THE FAILURE TO MENTION THE JUSTIFICATION DEFENSE ON THE VERDICT SHEET WAS NOT PRESERVED FOR APPEAL BY AN OBJECTION AND THE INTEREST OF JUSTICE APPELLATE JURISDICTION WILL NOT BE INVOKED WHERE THERE WAS AMPLE OPPORTUNITY TO OBJECT (FIRST DEPT).

The First Department determined defendant did not preserve the issue concerning the adequacy of the verdict sheet which did not mention the justification defense. Defendant was acquitted of the top counts (attempted murder and assault first) and convicted of assault second. The jury was instructed not to consider the lesser counts if the justification defense applied.

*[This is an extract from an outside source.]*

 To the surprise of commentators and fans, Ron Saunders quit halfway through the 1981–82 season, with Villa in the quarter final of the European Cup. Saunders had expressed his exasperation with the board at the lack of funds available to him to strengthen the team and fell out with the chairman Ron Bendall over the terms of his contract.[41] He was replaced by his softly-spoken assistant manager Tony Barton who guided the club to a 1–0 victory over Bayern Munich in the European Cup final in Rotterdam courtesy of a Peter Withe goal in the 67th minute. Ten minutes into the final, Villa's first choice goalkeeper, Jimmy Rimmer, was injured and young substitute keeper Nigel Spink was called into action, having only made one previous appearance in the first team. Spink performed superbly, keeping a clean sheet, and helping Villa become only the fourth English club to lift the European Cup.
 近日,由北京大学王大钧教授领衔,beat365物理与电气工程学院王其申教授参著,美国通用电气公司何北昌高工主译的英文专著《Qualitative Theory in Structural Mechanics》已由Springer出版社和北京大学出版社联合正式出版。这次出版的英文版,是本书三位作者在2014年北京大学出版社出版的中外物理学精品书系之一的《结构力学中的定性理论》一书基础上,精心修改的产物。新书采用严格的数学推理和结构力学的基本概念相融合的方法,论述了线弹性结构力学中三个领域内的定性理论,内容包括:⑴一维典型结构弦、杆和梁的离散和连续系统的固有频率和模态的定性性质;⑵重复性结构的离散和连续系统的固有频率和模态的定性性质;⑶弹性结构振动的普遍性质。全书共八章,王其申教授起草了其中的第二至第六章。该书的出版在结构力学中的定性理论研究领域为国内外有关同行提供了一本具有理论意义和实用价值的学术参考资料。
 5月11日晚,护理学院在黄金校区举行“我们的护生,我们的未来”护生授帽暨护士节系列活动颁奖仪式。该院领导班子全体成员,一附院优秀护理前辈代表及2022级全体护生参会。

But the verdict sheet was silent on the justification defense. The First Department refused to exercise its interest of justice jurisdiction because there was ample opportunity to interpose an objection to the jury instructions and verdict sheet:

… [D]efendant contends that his conviction on the lesser count of second-degree assault must be vacated since the verdict sheet made no mention of justification. Verdict sheets in criminal cases, however, may not include substantive instructions absent authorization by CPL 310.20(2) … . Here, defense counsel made no objections when the verdict sheet was reviewed and discussed by the court with the parties.

In prior cases, we reversed convictions in the interest of justice where defendants interposed no objections to jury instructions that failed to comply with Velez [131 AD3d 129], even though the claim was unpreserved … .

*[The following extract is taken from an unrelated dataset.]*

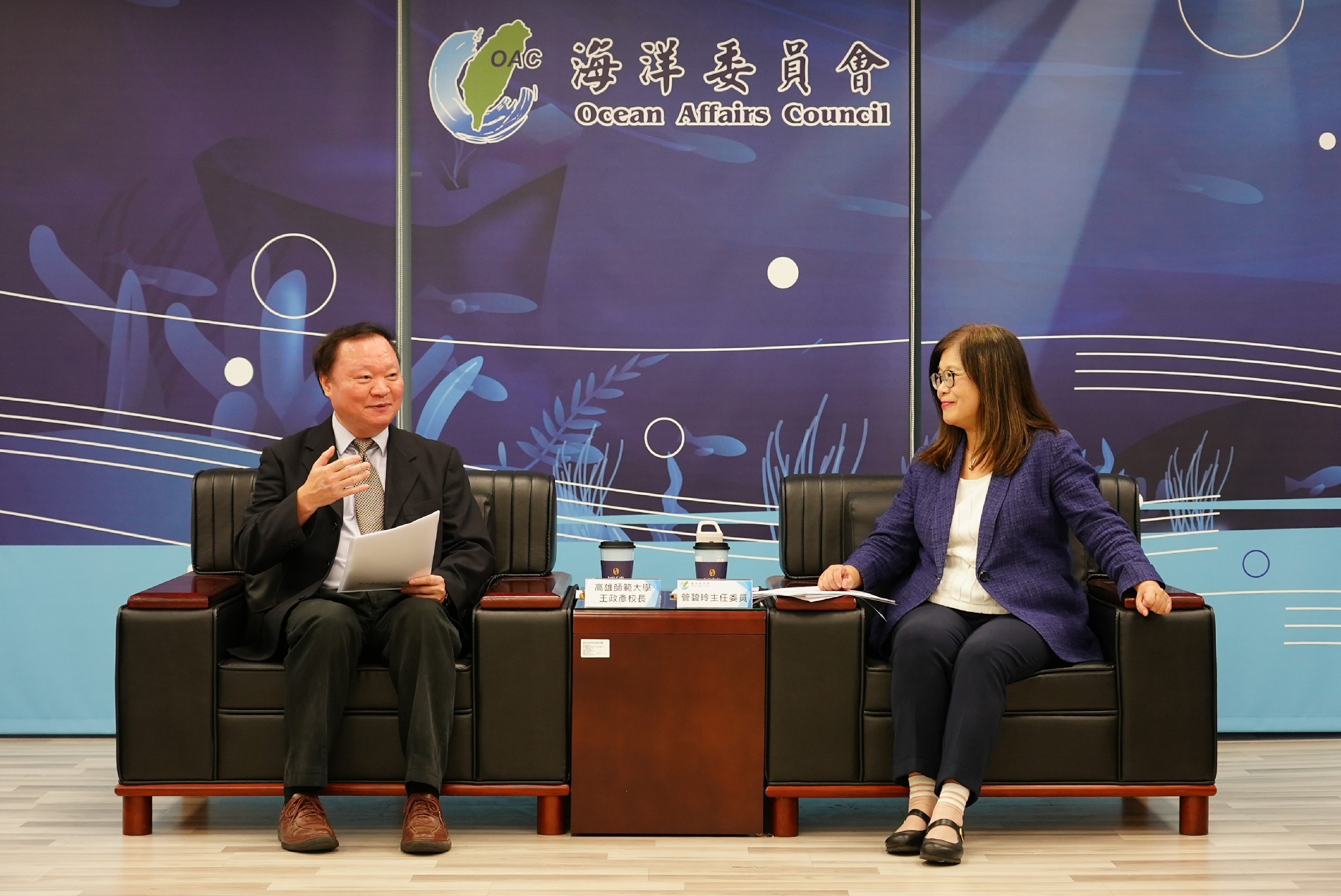 ↑圖說:海洋委員會主委管碧玲(右)與國立高雄師範大學校長王政彥(左)進行深度討論與交流(圖片來源:海洋委員會提供)
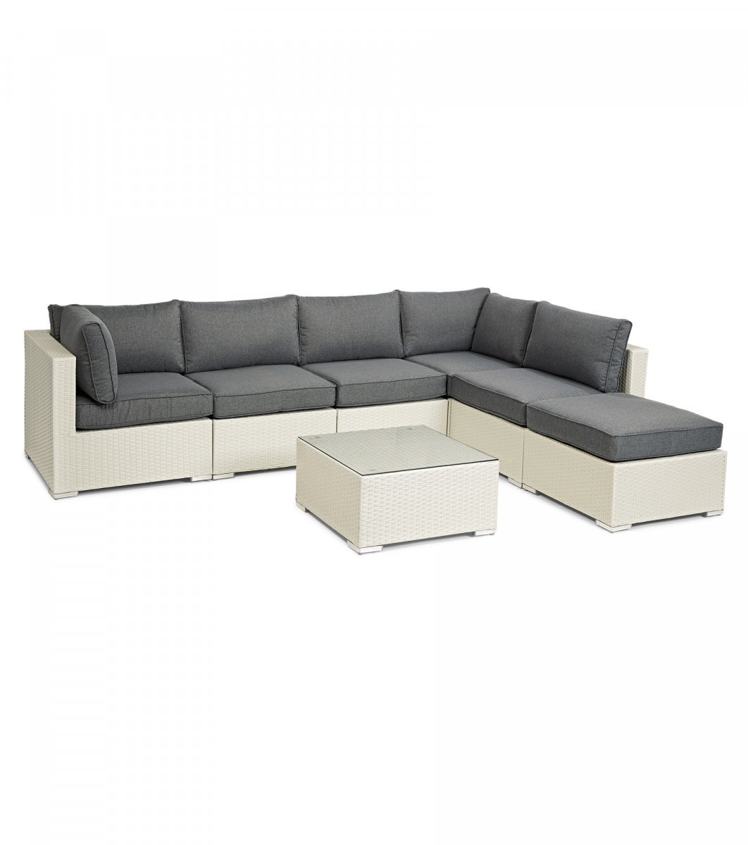 KOODI XL -palasohva koostuu 3 tuolipalasta, 2 kulmapalasta, rahista ja pöydästä. Tilaa terassillesi helppohoitoiset muovirottinkikalusteet!

In People v Davis (176 AD3d 634 [2019], lv denied 34 NY3d 1157 [2020]), we changed course. The jury in that case similarly found defendant not guilty of the top count, but guilty of the lesser count. Although defendant interposed no objections to the verdict sheet or the jury instructions that were given, defendant appealed on the basis that both the initial and supplemental charges and the verdict sheet did not comply with Velez. We “decline[d] to exercise our interest of justice jurisdiction to review these unpreserved claims” … .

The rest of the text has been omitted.